Record extracts:
● ● ● ● ●

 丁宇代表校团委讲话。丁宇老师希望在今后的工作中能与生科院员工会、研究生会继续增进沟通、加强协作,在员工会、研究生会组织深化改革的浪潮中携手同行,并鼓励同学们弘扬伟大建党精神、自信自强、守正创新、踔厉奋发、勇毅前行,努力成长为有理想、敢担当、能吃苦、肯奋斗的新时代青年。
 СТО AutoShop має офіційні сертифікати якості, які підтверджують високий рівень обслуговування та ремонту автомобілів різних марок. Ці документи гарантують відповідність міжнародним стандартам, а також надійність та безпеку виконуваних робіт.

● ● ● ● ●

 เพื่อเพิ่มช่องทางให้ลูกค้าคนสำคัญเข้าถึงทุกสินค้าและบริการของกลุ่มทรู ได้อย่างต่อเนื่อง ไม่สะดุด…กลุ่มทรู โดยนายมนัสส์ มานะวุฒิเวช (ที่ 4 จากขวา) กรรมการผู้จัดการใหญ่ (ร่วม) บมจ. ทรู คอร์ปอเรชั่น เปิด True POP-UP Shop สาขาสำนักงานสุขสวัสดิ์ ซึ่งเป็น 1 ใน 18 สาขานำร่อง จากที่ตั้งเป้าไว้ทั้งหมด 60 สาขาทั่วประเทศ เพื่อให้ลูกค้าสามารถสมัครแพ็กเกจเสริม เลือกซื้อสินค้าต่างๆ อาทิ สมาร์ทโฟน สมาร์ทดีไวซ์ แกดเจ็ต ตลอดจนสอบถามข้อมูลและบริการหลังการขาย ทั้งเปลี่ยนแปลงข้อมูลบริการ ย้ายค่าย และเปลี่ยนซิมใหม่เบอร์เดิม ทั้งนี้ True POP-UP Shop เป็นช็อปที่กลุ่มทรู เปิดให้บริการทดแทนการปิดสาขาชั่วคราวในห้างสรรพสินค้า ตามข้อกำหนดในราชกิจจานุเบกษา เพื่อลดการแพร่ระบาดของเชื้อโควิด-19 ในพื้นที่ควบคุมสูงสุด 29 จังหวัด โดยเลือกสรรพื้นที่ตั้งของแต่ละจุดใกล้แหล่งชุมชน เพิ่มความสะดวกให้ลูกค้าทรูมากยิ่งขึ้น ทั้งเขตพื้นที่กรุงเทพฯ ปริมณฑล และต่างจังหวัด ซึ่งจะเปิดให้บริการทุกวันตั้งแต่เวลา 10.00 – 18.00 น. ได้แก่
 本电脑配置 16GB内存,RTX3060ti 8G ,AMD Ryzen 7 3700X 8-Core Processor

● ● ● ● ●

What to work on: Where the line holding "丁宇代表校团委讲话。丁宇老师" appears in the listing above, start reproducing exactly, and end with the line holding "СТО AutoShop має".

Task result:
 丁宇代表校团委讲话。丁宇老师希望在今后的工作中能与生科院员工会、研究生会继续增进沟通、加强协作,在员工会、研究生会组织深化改革的浪潮中携手同行,并鼓励同学们弘扬伟大建党精神、自信自强、守正创新、踔厉奋发、勇毅前行,努力成长为有理想、敢担当、能吃苦、肯奋斗的新时代青年。
 СТО AutoShop має офіційні сертифікати якості, які підтверджують високий рівень обслуговування та ремонту автомобілів різних марок. Ці документи гарантують відповідність міжнародним стандартам, а також надійність та безпеку виконуваних робіт.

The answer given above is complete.